Лишь раз мы столкнулись с такой тварью, от которой еле унесли ноги. Удивительно, что Коршун ее не учуял заранее, но стоило нам пройти неподалеку, как она шарахнула нас рунной силой, да так, что наши верблюды попадали замертво, Хальфсен свалился без памяти, как и пустынники-карлы, да и хускарлам пришлось нелегко. Мы с Квигульвом выхватили оружие, но сражаться было не с кем. На нас никто не нападал, лишь смертельно давила чужая сила, выбивая воздух из груди.
Я так и не понял, что там была за тварь. Мы с Квигульвом и Слепым на своих плечах перетащили людей и поклажу за пределы натиска, а потом забрали и дохлых верблюдов, чтоб их трупы не достались той мерзости. Кхалед потом клялся, что никогда и не слыхивал о таких тварях.
— Они идут оттуда, — говорил пустынник, указывая на юг. — Скоро они пожрут все наши земли.
Справятся ли с этой напастью воины Набианора? Я вот что-то начал сомневаться.
В общем, нелегко нам далась охота в пустыне. Простодушный еще хромал, Сварт только-только начал вставать на ноги, Пистос выжил чудом. Из прибылей разве что появление двух хельтов в хирде, хотя Рысь пока ходил в хускарлах, да несколько рун у других парней.
Так что к Гульборгу мы подошли, вымотанные до крайности: гребли без продыху пять дней, останавливаясь лишь на ночь. Живодер при помощи Бездны или иной ворожбы удерживал Лундвара живым и почти без потери сил. За это время наш Отчаянный опустился всего на две руны, хотя его тело уже начало иссыхать.
Живодер понемногу сцеживал грязную кровь из Лундвара и требовал, чтоб я не отпускал стаю ни на миг. Говорил, что дар Дударя помогает раненому восполнять силы, да и дар самого Отчаянного неплохо борется с твариной отравой.
При этом сливать кровь в море было нельзя, ведь она могла приманить тварей покрупнее. Так что нам пришлось нюхать запах стухшей Лундваровой крови все эти дни. Зато и гребли ульверы шибче и злее.

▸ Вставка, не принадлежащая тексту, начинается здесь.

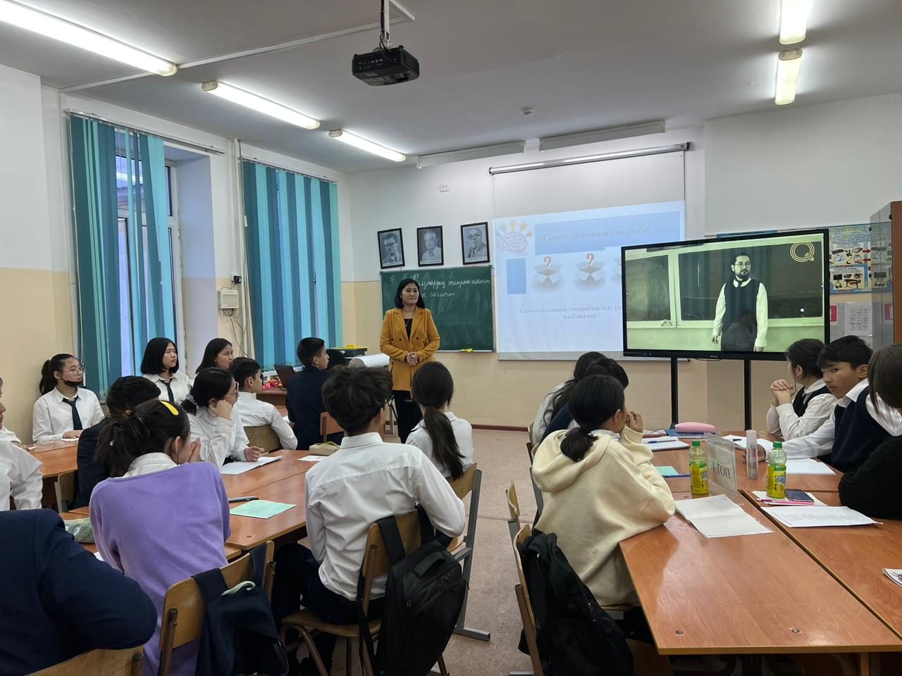 Бүгін мектебіміздің ағылшын тілі пәні мұғалімі Мекзам Әйгерім Қайратқызы 8 «В» сыныбына "Адамгершілік - рухани тәрбиенің негізі" тақырыбында ашық тәрбие сағатын өткізді. Ашық тәрбие сағаттары негізі мектебімізде жоспарға сай жиі өткізіліп, оқушыларға адамгершілік, әдептілік, рухани құндылықтар туралы айтылып отырады. Арнайы фильмдер мен бейнесюжеттер көрсетіліп, өзара талқылап, ойындар ойнатылып, тапсырмалар беріліп, барынша оқушылардың процеске қатысып отыруларын ескереді. Бүгінгі Әйгерім Қайратқызының тәрбие сағаты жоғары деңгейде өтіп, балаларға үлкен әсер қалдырды. Аталмыш тәрбие сағаттарына жауапты – директордың тәрбие ісі жөніндегі орынбасары Кыпшакова Дариха.

Благодаря покровительству Пистоса и его дощечке нас легко пропустили в город, а Милий договорился о перевозке нашего груза прямо к складам фагра. Да, мы били не тех тварей, о каких уговаривались, но я был уверен, что Сатурн не станет упираться и заплатит обещанное, ведь наша добыча была ничуть не хуже.
Мы грязной вонючей гурьбой ввалились в дом, где нас встретил перепуганный Лавр. Сверху спустился Тулле, широко улыбаясь. Он через стаю узнал, что мы подходим, и предупредил рабов, так что к нашему возвращению уже был накрыт стол, а в мыльне исходила паром заранее нагретая вода.
— Теперь Лавр будет думать, что я провидец, — сказал полужрец и крепко обнял меня.
— Пусть его. Сможешь помочь Отчаянному?
— Нет. Живодер в лечении больше смыслит, чем я.
Про Альрика я спрашивать не стал, через дар чуял, что его дух еще держался за тело.
Тулле помолчал, а потом сказал:
— Леофсуну в этом доме хельтом становиться нельзя. Тварь в Альрике может разозлиться. Надо подыскать другое место.
— Поговорю с Пистосом, у него дом большой. Если что, так пойдем к Жирным, потеснятся небось. Да и насчет долга заодно подумают, ведь хельтов-то у нас прибавилось.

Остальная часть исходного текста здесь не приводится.